Let $(\Omega,\mathcal{F},\mathbb{P})$ be a probability space. Let $X$ be a random variable. Let $\mathcal{A}\subseteq\mathcal{F}$ be a sub $\sigma$-algebra of $\mathcal{F}$. Further suppose that $X$ is $\mathcal{A}$-measurable.
I want to prove the following:
- $\mathbb{E}[Y\mid \mathcal{A}]=X\Rightarrow\mathbb{E}[Y\mid X]=X$
- $\mathbb{E}[Y\mid \mathcal{A}]=X \not\Leftarrow\mathbb{E}[Y\mid X]=X$
One idea I had for 1. was as follows: $X=\mathbb{E}[Y\mid \mathcal{A}]=\mathbb{E}[\mathbb{E}[Y\mid \mathcal{A}]\mid X]=\mathbb{E}[Y\mid X]$ since $\sigma(X)$ is the smallest $\sigma$-algebra generated by $X$ and thus $\sigma(X)\subseteq\mathcal{A}$ and the smallest $\sigma$-algebra wins. Is this reasoning correct?
As for 2., I am uncertain as to how to proceed.
Thank you!
For (1) there is a standard argument of showing that. Define the events:
$$ E^+:=\Big\{ \mathbb{E}[Y\mid \mathcal{A}]>X \Big\}, \quad E^-:= \Big\{ \mathbb{E}[Y\mid \mathcal{A}]>X \Big\}$$
And we can write $E^+=\cup_{n=1}^\infty E_n^+$ where:
$$ E^+_n:=\Big\{ \mathbb{E}[Y\mid \mathcal{A}]>X+\frac{1}{n} \Big\} $$ This is $\mathcal{A}$-measurable set, and one can show that:
$$ \mathbb{E}\Big[ \Big\vert\mathbb{E}[Y\mid \mathcal{A}]-X \Big\vert \cdot \mathbf{1}_{E_n^+} \Big]= \mathbb{E}\Big[ (\mathbb{E}[Y\mid \mathcal{A}]-X ) \cdot \mathbf{1}_{E_n^+} \Big] \geq \frac{1}{n}\cdot \mathbb{P}(E_n^+) $$
By definition of conditional expectation, this should be $0$, hence $\mathbb{P}(E_n^+)=0$ for all $n$. And by sub-additivity $\mathbb{P}(E^+)=0$. Likewise $\mathbb{P}(E^-)=0$. Hence $\mathbb{E}[Y\mid \mathcal{A}]=X $ almost surely.

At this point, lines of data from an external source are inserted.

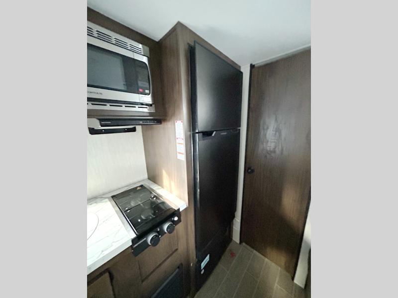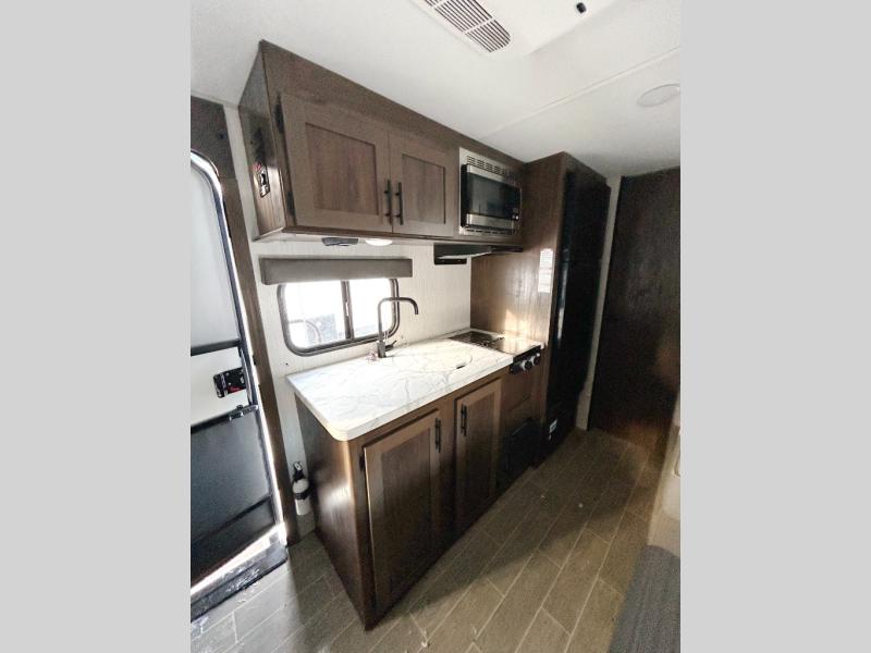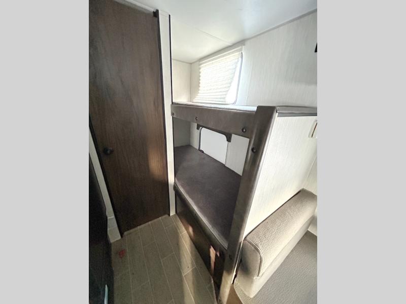 Imagine your kids on the rear bunk beds in this Patriot Edition travel trailer while you enjoy the front queen bed before everyone gets up to make breakfast and head out for a hike. The kitchen includes a high-output cooktop and microwave, as well as a refrigerator to store your leftovers and a sink to wash the dishes. You will find storage in the overhead cabinets, and there is a shelf by the queen bed. Your hiking gear can also be stowed out in the outside storage.
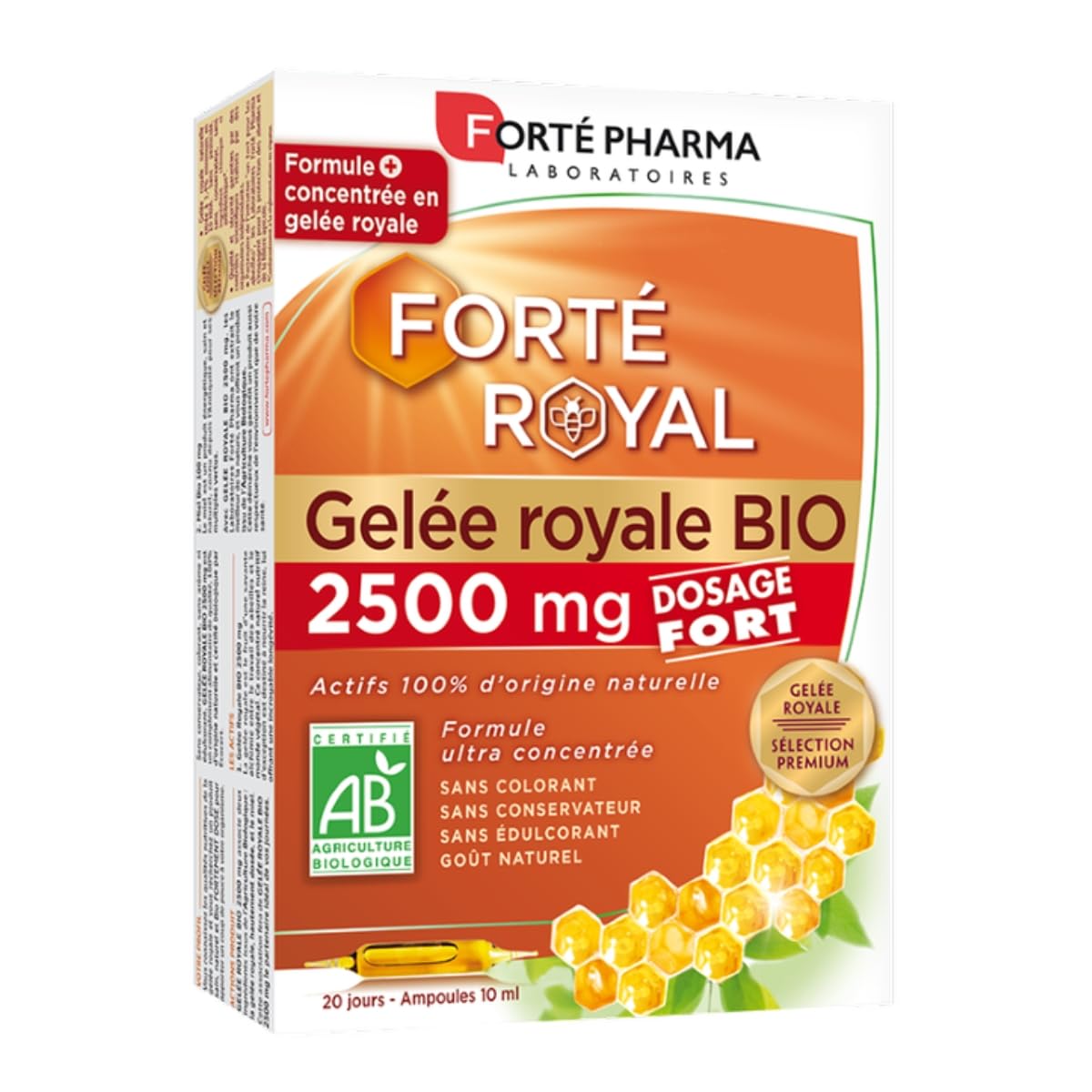 Forté Pharma - Gelée Royale Bio 2500 mg Complément Alimentaire Immunité et Défenses - ultra concentrée, Miel Fatigue, Système immunitaire 20 ampoules
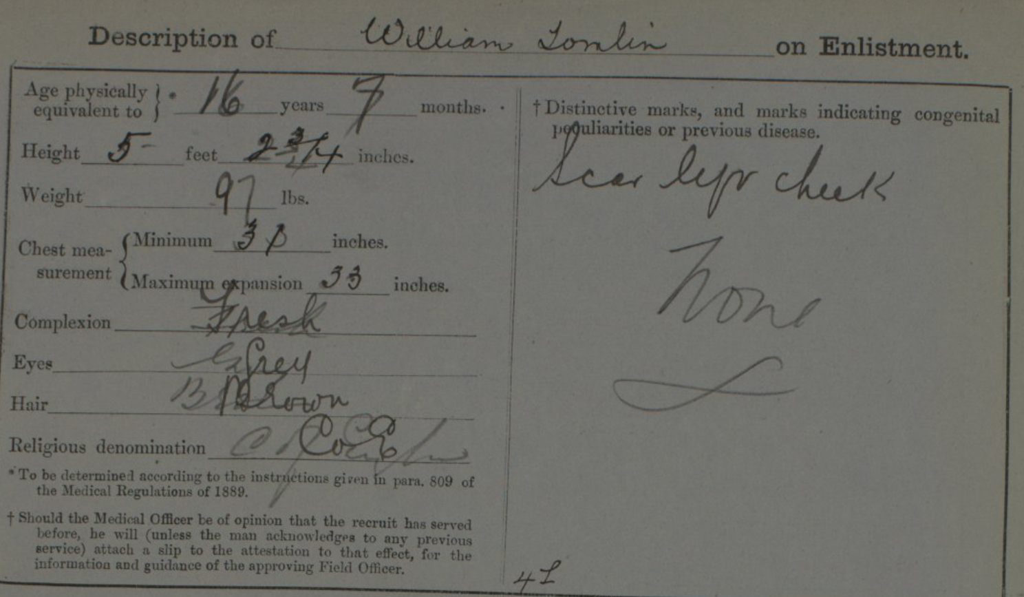 Extract from Militia Attestation for William Tomlin, FindMyPast
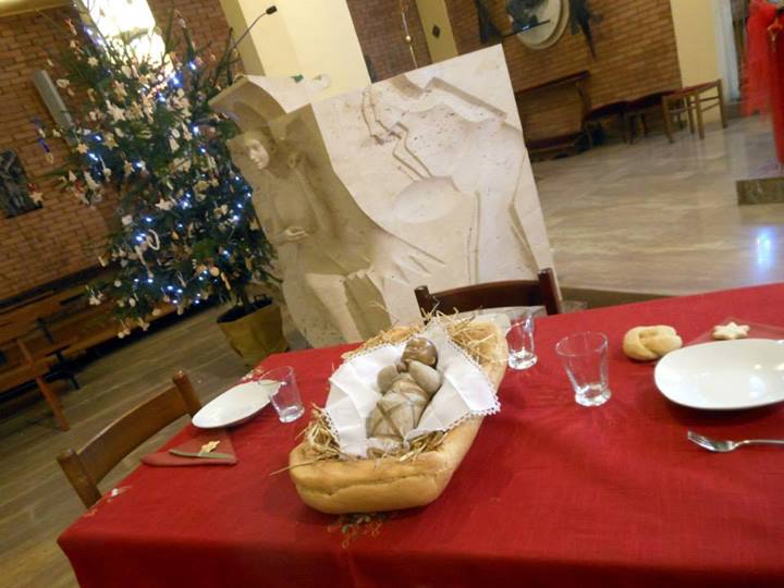 Di domenica in domenica, sono stati apparecchiati con la corona d’Avvento, segno della luce della fede che ci permette di andare incontro al Signore che viene. Poi il libro della Parola a ricordare il desiderio di Dio di comunicare con l’uomo. Ad abbellire la tavola i fiori della festa, espressione della gioia per la venuta di Gesù. Sono state aggiunte le sedie per fare spazio all’accoglienza e invitare alle diverse iniziative del tempo di avvento. Infine è stato posto al centro della tavola il pane della fraternità, a dire l’attenzione all’altro in cui ama nascondersi il Figlio di Dio, e nel pane è stato messo il Bambinello! Il messaggio per ogni persona e comunità è quello di mettere nelle nostre tavole la presenza di Gesù attraverso chi viene, chi bussa, chi chiede perchè povero di pane e di affetto.
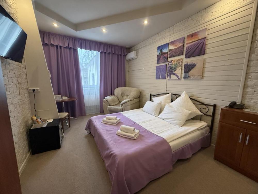 В номере имеются одна двуспальная кровать, Wi-Fi и проводной Интернет, телевизор, чайный набор, ванная комната, фен, гигенические принадлежности, тапочки.
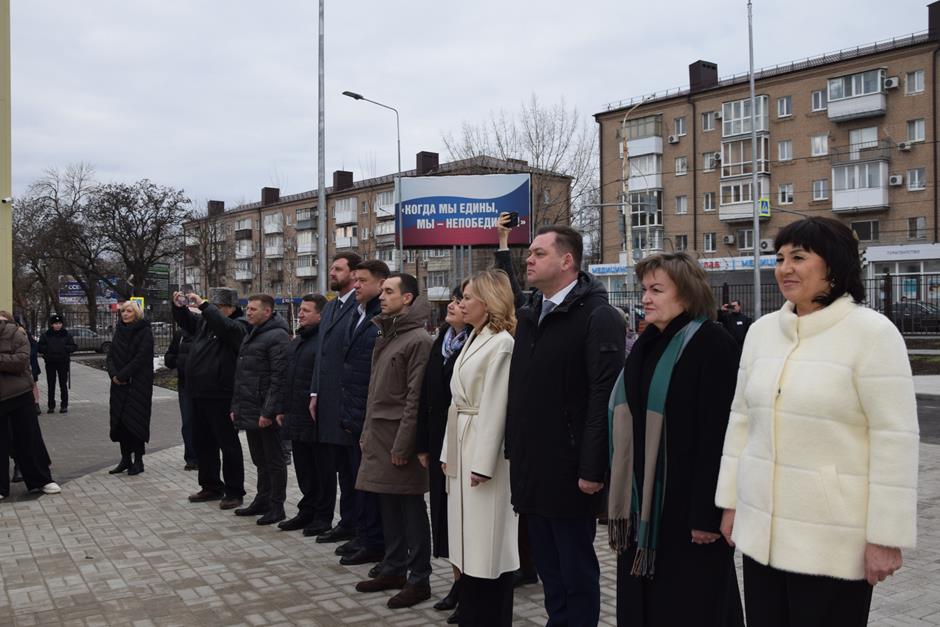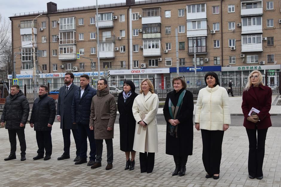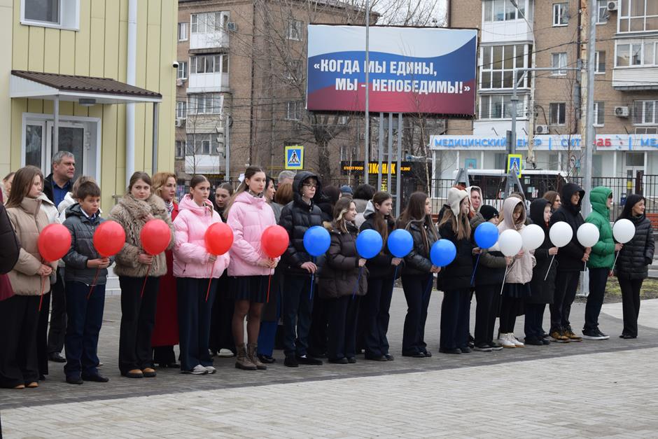 Символическую, праздничную линейку состоявшуюся в школьном дворе, открыло показательное выступление ансамбля барабанщиц «Жемчужины ДГТУ». Право перерезать красную ленту предоставили заместителю Губернатора Ростовской области Андрею Фатееву, депутату Государственной Думы, члену фракции «Единая Россия» Екатерине Стенякиной, Главе города Шахты Людмиле Овчиевой. В торжественной церемонии также приняли участие донской министр образования Тамара Шевченко, депутат ЗСРО Евгений Понамаренко, председатель городской Думы города Шахты Максим Голодов, депутат городской Думы Сергей Измайлов.
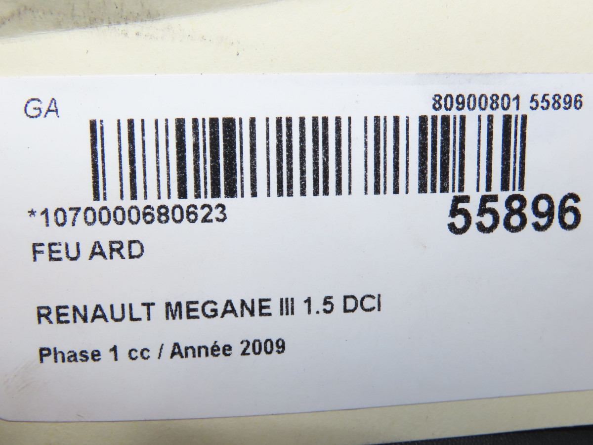 Feu arrière gauche occasion RENAULT MEGANE III Phase 1 11-2008->01-2012 1.5 DCI 105ch 265550008R
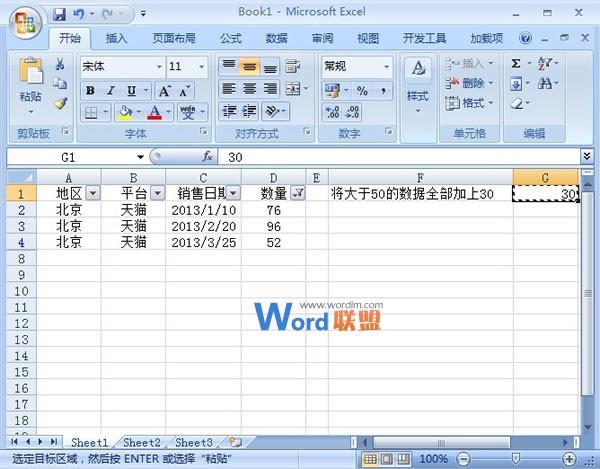 ④筛选完毕,然后在G1单元格输入30,复制下来。
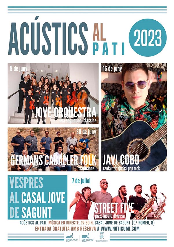 La concejalía de Juventud del Ayuntamiento de Sagunto, pone en marcha un nuevo proyecto cultural denominado Acústics al pati. Una iniciativa que pretende ofrecer una mini programación musical en formato acústico en el patio del Casal Jove de Sagunto. A través de cuatro conciertos se hará un breve recorrido que irá desde la música clásica, hasta el jazz, pasando por el folk local, la rumba y el pop.
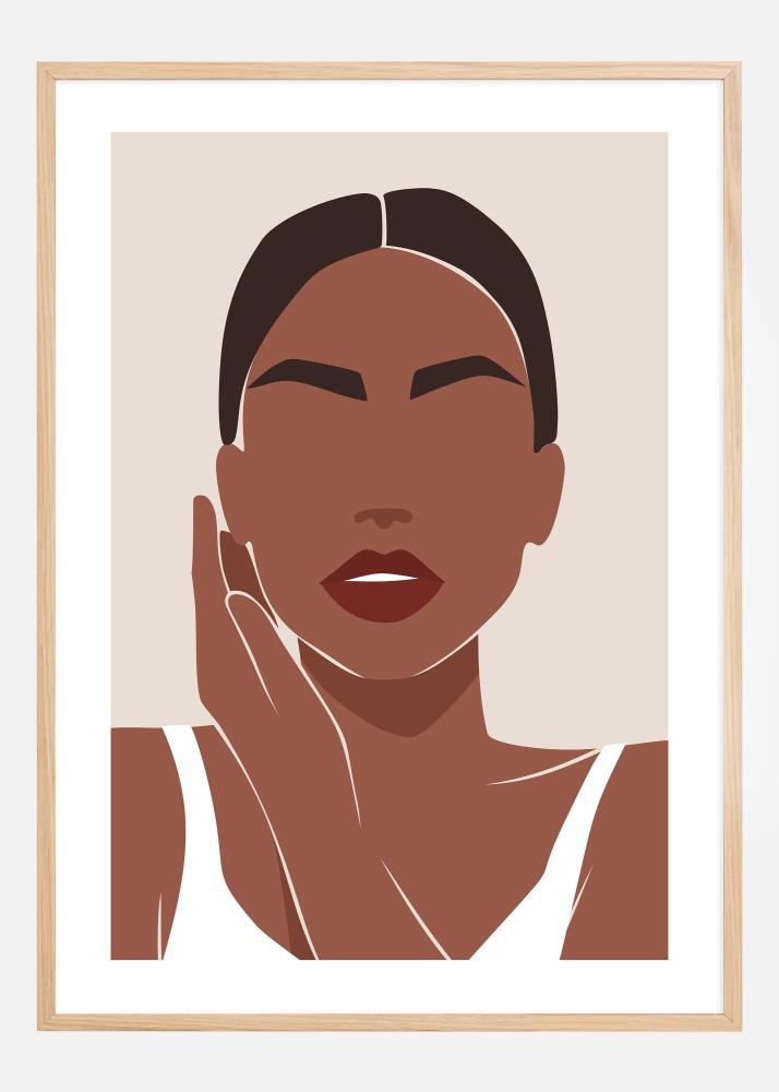 Tento esteticky príťažlivý plagát zobrazuje ženskú siluetu v štýlizovanej a zjednodušenej forme. Obraz je vytvorený s obmedzeným farebným spektrom, ktorý pozostáva z prírodných tónov, od svetlej béžovej až po tmavšiu hnedú, čo vytvára teplý a prívetivý pocit. Postavenie ženy je uvoľnené a zamyslené, čo dodáva portrétu pocit pokoja a sebavedomia.
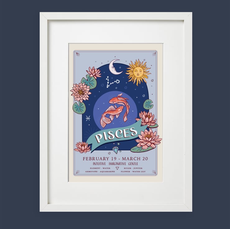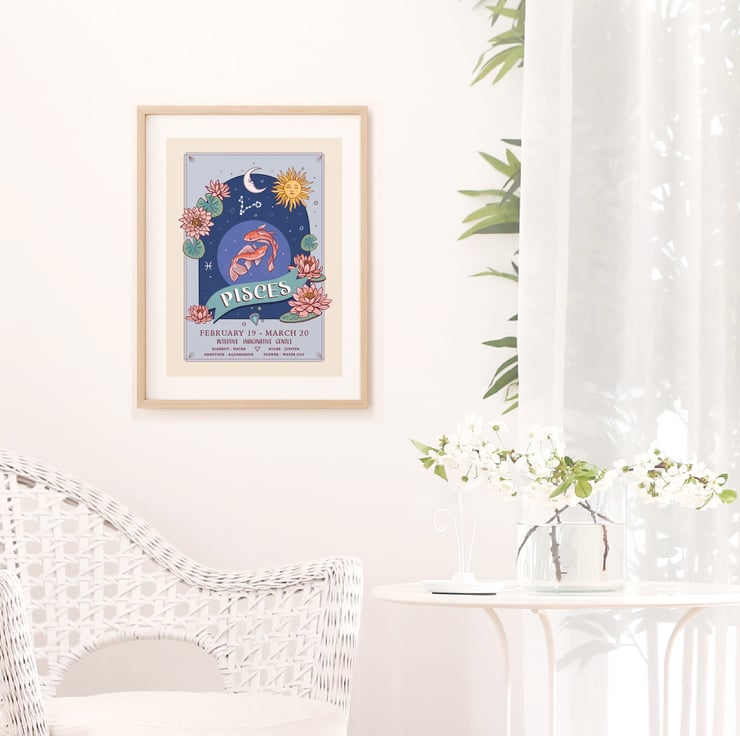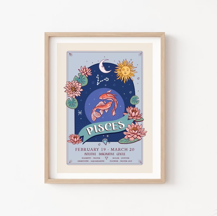 An unframed wall art print from my original illustration. Part of my 'Zodiac Signs and Flowers' collection it has lots of information about each star sign.
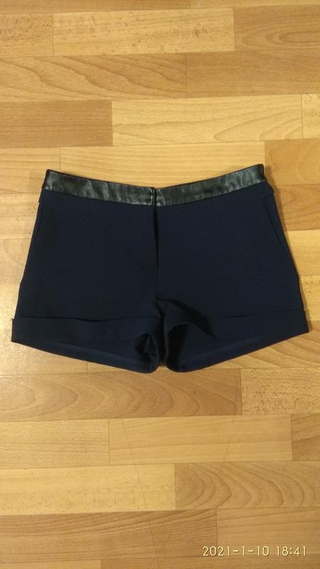 Шорти в ідеальному стані, темно-синій колір. Довжина 27см, талія 34см, стегна 42см, трохи тягнуться. Посадка середня. Без дефектів.
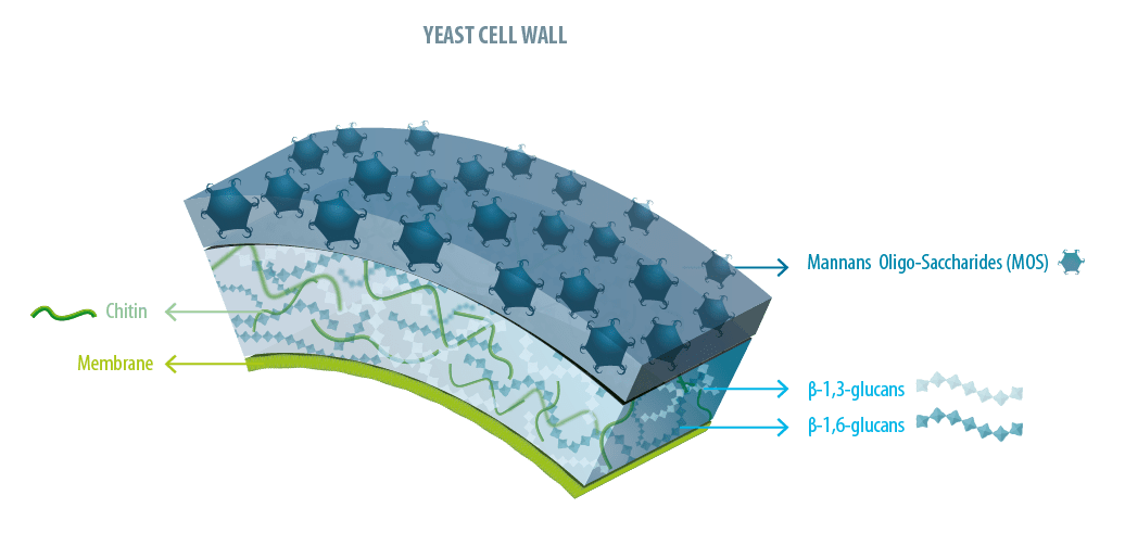 Do you know that there are about 500 different species of yeasts? Saccharomyces cerevisiae is only one of them but by far the most used in food and feed. One of the remarkable elements of S.cerevisiae yeast is the composition and structure of its cell wall. β-glucans and mannans oligo-saccharides (MOS) are the major components of the yeast cell wall. Their ratio and structures change with the yeast strain and growth stage are dependent upon growing conditions, including oxygen and nutrient availability, as well as temperature and pH of the growth medium.
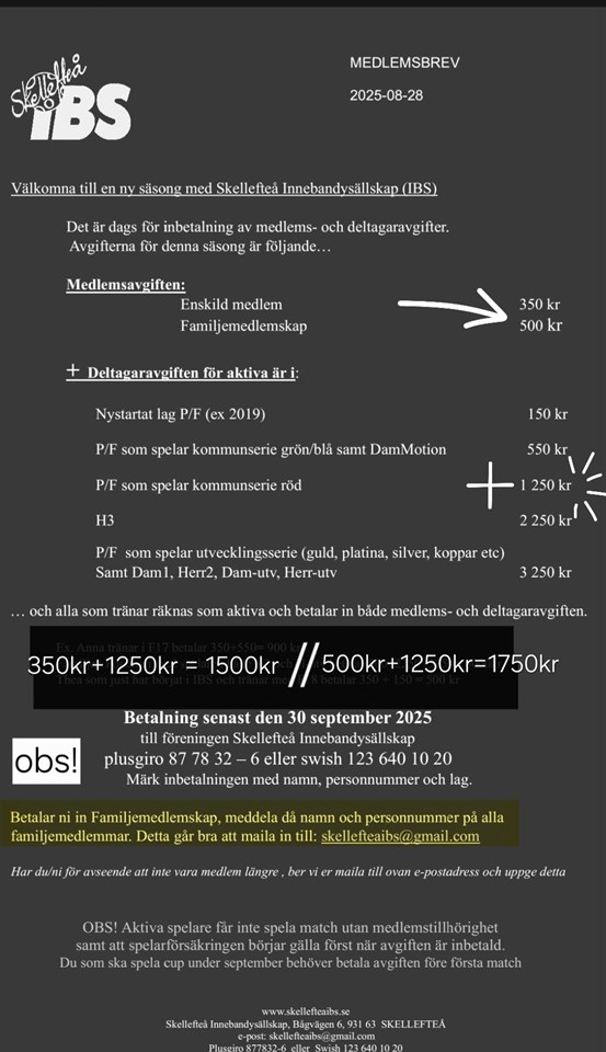Vi spelar röd serie i år och avgiften ser ni i bifogad fil!

This is the brute force approach, but there could be an elegant solution for it.
For (2), if $X$ is constant then it is always measurable and $\sigma(X)=\{\Omega,\emptyset \}$, see this thread. Then $\mathbb{E}[Y\vert X]=\mathbb{E}[Y]$, and you just need an example where $\mathbb{E}[Y\mid\mathcal{A}]$ is not constant.